What examples of silly, obtuse, inflated, misleading or just plain wrong menu descriptions have you chortled or chuckled (but hopefully not choked) over lately?

Very intersting topic Bob.

Besides menu language, there are also lots of technical misuse of terminology and creative license.

As food and cooking technique has evolved over the years, things have become murky.

Diver Scallops.

At some point, people indeed dived or dove for scallops.

In fact I remember the famous line from Marco Pierre White's book "White Heat"

Redundancies

Redundancies have always been used to try to explain to culinary neophytes depending on how egregious the redundancy.

"Penne Pasta"

"Shiitake Mushroom"

"Ahi Tuna"

"Basil Pesto"

Ebellishment.

Embellisment is generally characterized into 3 categories.

Simple embellishment , compound embellishment and disingenous BS.

Simple embellishers name every farm that grows the produce.

Example: Satur Farms Beets, white miso vinaigrette.

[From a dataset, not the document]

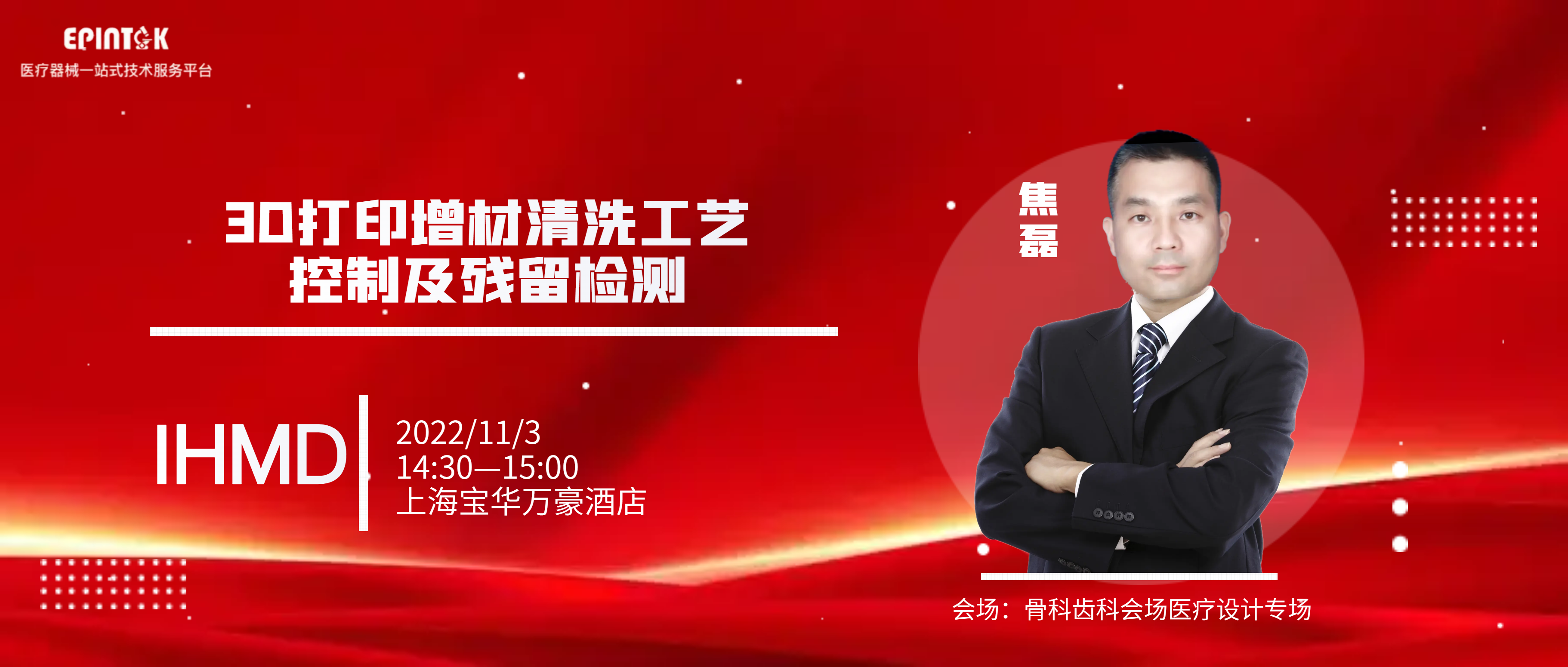 熠品诚挚邀您参加11月3-4日IHMD2022·第三届国际高端医疗器械论坛,本次iMedical Show展位将增加至85+,熠品将在11月3日下午14:30-15:00骨科齿科会场医疗设计专场为您讲解《3D打印增材清洗工艺控制及残留检测》欢迎大家到现场和熠品的技术专家进行交流。

Most likely locale : New york city.

Compound embellishers add the people who raise the animals to the people who grow the produce to the degree that menu items start to be as long as Alexis de Tocquevile books.

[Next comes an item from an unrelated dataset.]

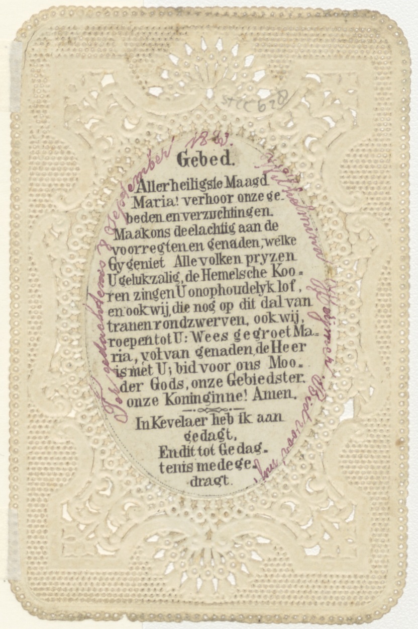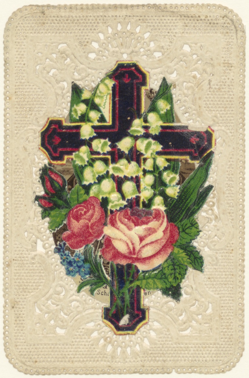 Kruis met bloemen, waarachter Maria van Kevelaer(?), kz. gebed, en Ter gedachtenis 8 september 1883 Wilhelmina Heijmer Bid voor mij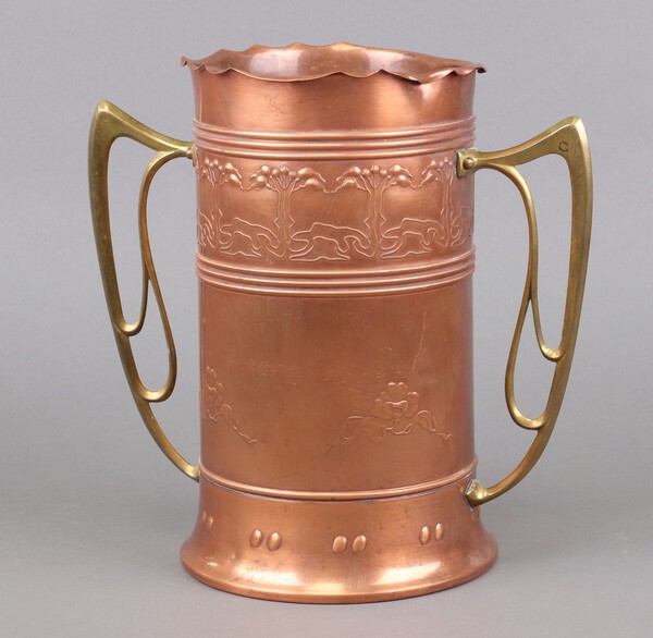 Lot 581 An Art Nouveau Continental embossed copper and brass twin handled vase of waisted form, the base cast stylised flower heads 25cm x 16cm SOLD £60

Example: Snake River Farms flatiron steak with Anson Mills Polenta and creamed sonoma spinach.

Most Likely locale: You guessed it ....california between LA and sanfran.

Disingenous BS.

This is when the grower either unilaterally or in cahoots with a restaurant decides to add a superflous qualifier to produce that has already suffered from simple embellishment.

Example: Blue moon acres "Mezza" arugula.

Oh pardon me there is a huge difference between micro arugula and fully grown arugula but "Mezza" greens ???

What's next "Alto" tomatoes is early spring ?

Most likely locale : Somewhere in the AOL time warner center.

Next Topic :

Useless and gratuitous use of parentheses that allows you to charge more either by suggesting some special element or changing the language of basic foods from english to french.

Examples: and these are actual PerSe menu items from a recent deeeelicious dinner

Mascarpone enriched anson mills white polenta

Black winter truffles, "Parmigiano Reggiano"

and "just de Poule"

$30 supplement......over the 250 quid you are already paying.

As far as we know the "Parmigiano" was just "Parmigiano"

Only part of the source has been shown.